Reliability scoring operates identically to how human reputation actually works: not as a global score, but as a private per-peer assessment using a 30-day rolling window of observed behavior. There is no central reputation authority. Each node computes its own assessment. Dropped pacts lose you a storage advocate — the protocol equivalent of being talked about less.

Gossip as Curated Propagation

When humans gossip, they don't broadcast. They share selectively based on trust and relevance. The protocol's WoT-filtered gossip layer works identically:

Active pact partners get immediate forwarding
1-hop WoT peers (direct follows) get standard priority
2-hop WoT peers (friends-of-friends) get forwarding when capacity permits
Unknown sources: never forwarded. Strangers' gossip stops at your door.

Pastor-Satorras and Vespignani proved that epidemic spreading on scale-free networks has a vanishing threshold — any nonzero transmission rate produces network-wide propagation. This means gossip is efficient but also means spam and attacks propagate freely if unrestricted.

The 2-hop WoT boundary solves this by creating a finite epidemic threshold. Within the WoT community, gossip spreads with near-scale-free efficiency. Beyond the boundary, propagation requires relay assistance. This produces the same dual regime that human gossip exhibits: saturating within communities, fading across them.

Bootstrapping Through Guardianship

Every community has established members who vouch for newcomers. The protocol formalizes this as guardian pacts: an established user voluntarily stores data for one newcomer outside their WoT, accepting a small storage cost without reciprocal obligation.

The framing is deliberate. Today's newcomer is tomorrow's guardian.

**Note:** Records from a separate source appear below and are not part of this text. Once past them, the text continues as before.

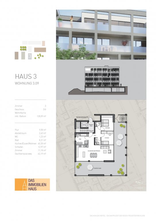 Diese sehr helle, großzügig geschnittene Wohnung (Nr. 3.09) befindet sich im obersten, dem 3. Obergeschoss des Hauses 3 im neuen, zentrumsnahen „Mühlenviertel“. In nur wenigen Gehminuten ist man bereits in der Ravensburger Alt-/Innenstadt, so dass man das Auto ruhig zu Hause lassen kann.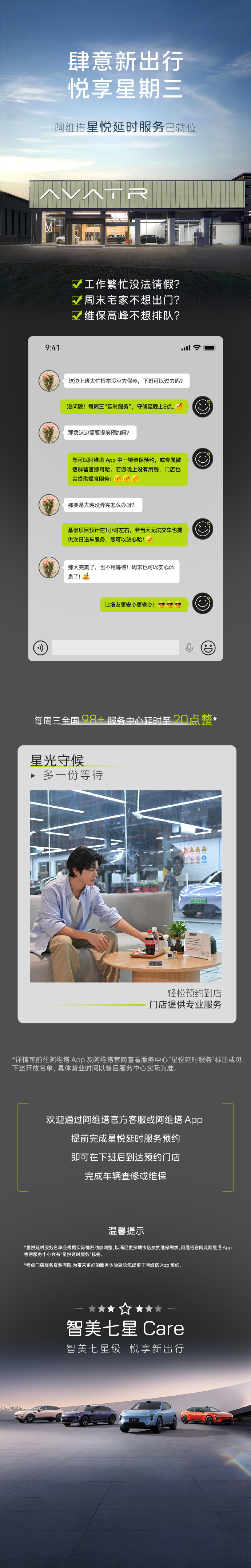 4月15日,阿维塔科技总裁陈卓宣布,公司将推出星悦延时服务,每周三全国98+服务中心将延时服务至晚上8点。去年11月21日,阿维塔在
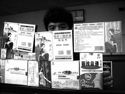 “我有鼻炎,常常鼻塞,有沒有什么好藥?”記者問!氨侨?”營(yíng)業(yè)員從柜臺(tái)里面又取出一盒藥說,“你用苗嶺鼻通生態(tài)液吧,也是全中藥,效果特別好。”

The pay-it-forward dynamic isn't enforced by the protocol — it's encouraged by client UX — because in human communities, the same dynamic operates through social norm rather than contractual obligation.

The Retrieval Cascade

Data requests flow through four tiers, each activated only when the previous fails:

Tier 1 — Local pact storage. You already have it. Zero network traffic.

Tier 2 — Cached endpoint. You've interacted with this author's pact partners before; you have their addresses cached. Direct connection, ~60ms.

Tier 3 — WoT gossip. Blinded request (daily-rotating pubkey hash) broadcast to your WoT peers with TTL=3. With mean degree 20 and a clustering coefficient of 0.25, three hops covers ~4,500 nodes — 90%+ of a 5,000-node network. Gossip reach follows the small-world property: path length scales logarithmically while clustering remains high.

Tier 4 — Relay fallback. Last resort, 30-second timeout, ~200ms. The relay is still there. It's just no longer the load-bearing wall.

A critical emergent property: reads create replicas. When Bob fetches Alice's events from a pact partner, Bob now holds a local copy. When Carol later requests Alice's events via gossip, Bob can respond — without being a formal pact partner. Read load scales O(followers), not O(pact_partners). This is exactly how popular information propagates in human social networks: the more people read it, the more redundantly it's stored.

What This Doesn't Solve (Be Honest)

The protocol is analytically validated and simulated. It is not production-validated. Nostr has ~1,000 relays and real users. This doesn't.

Three open questions that matter:

Will 25% full nodes emerge organically? The data availability guarantee (P(all-pacts-offline) ≈ 10⁻⁹) assumes 25% always-on participants. Whether social incentives alone sustain this ratio is empirical. If it falls significantly, the math breaks.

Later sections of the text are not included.